Problem details: If a line below falls between the line with "徐才提通过分段煅烧将薄如纱的人物外衣以及基础厚胚体自然地融合在一起" and the line with "ALBERTO CARRASQUILLA Ministro de Hacienda", or is one of those two, output it exactly; output nothing else and no pictures.

Dataset extract:
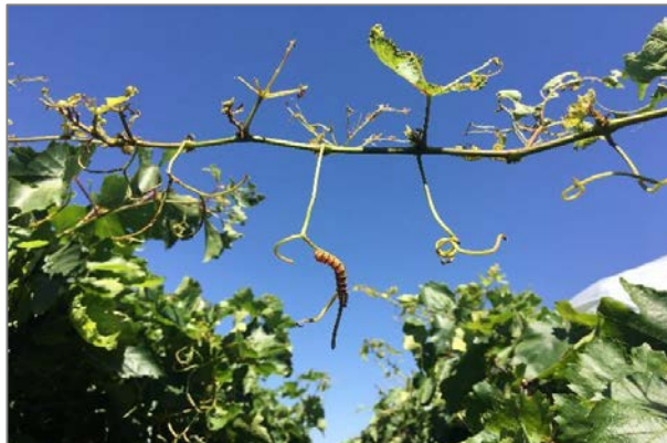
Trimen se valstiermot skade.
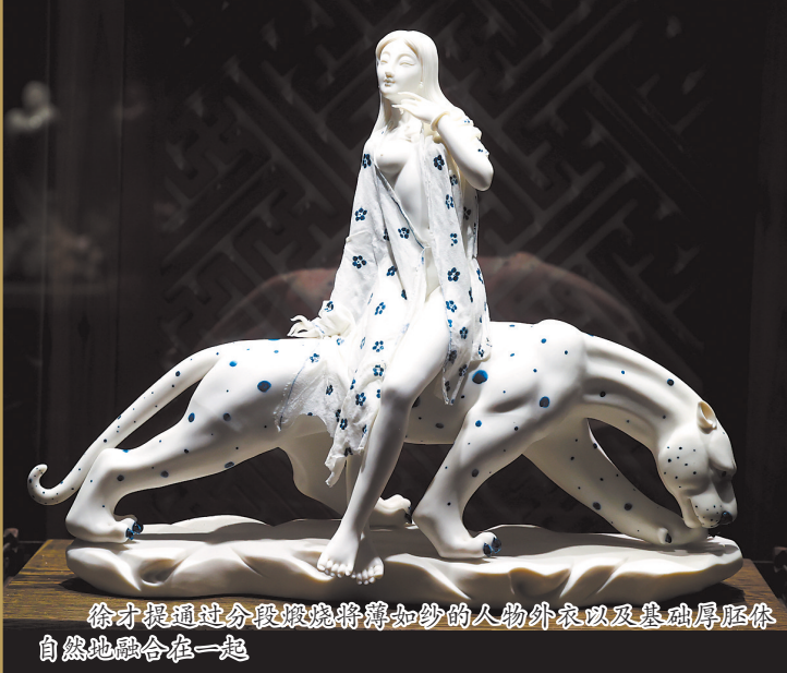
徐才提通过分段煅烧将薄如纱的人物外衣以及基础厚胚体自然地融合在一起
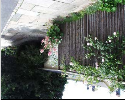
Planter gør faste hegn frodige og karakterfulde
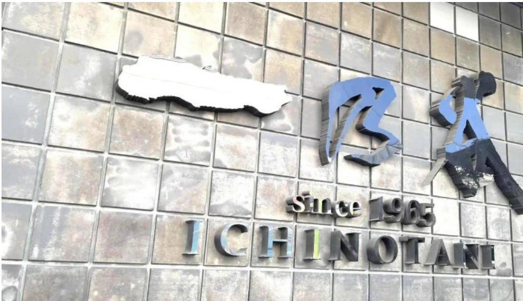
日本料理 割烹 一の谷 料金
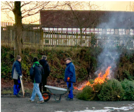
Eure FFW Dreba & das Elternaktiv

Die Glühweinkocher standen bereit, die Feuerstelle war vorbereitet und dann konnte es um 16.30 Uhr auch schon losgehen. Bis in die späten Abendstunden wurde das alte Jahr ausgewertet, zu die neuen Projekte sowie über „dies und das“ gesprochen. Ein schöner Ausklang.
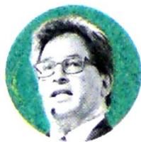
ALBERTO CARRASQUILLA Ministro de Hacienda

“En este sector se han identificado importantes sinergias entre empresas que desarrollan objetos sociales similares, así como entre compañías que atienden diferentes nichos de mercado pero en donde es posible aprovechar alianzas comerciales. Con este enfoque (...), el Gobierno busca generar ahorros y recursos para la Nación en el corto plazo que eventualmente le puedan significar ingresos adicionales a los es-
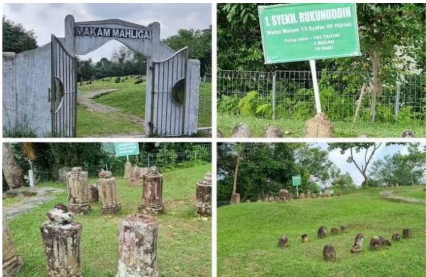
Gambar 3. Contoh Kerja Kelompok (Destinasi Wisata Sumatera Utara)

Task output:
徐才提通过分段煅烧将薄如纱的人物外衣以及基础厚胚体自然地融合在一起
Planter gør faste hegn frodige og karakterfulde
日本料理 割烹 一の谷 料金
Eure FFW Dreba & das Elternaktiv

Die Glühweinkocher standen bereit, die Feuerstelle war vorbereitet und dann konnte es um 16.30 Uhr auch schon losgehen. Bis in die späten Abendstunden wurde das alte Jahr ausgewertet, zu die neuen Projekte sowie über „dies und das“ gesprochen. Ein schöner Ausklang.
ALBERTO CARRASQUILLA Ministro de Hacienda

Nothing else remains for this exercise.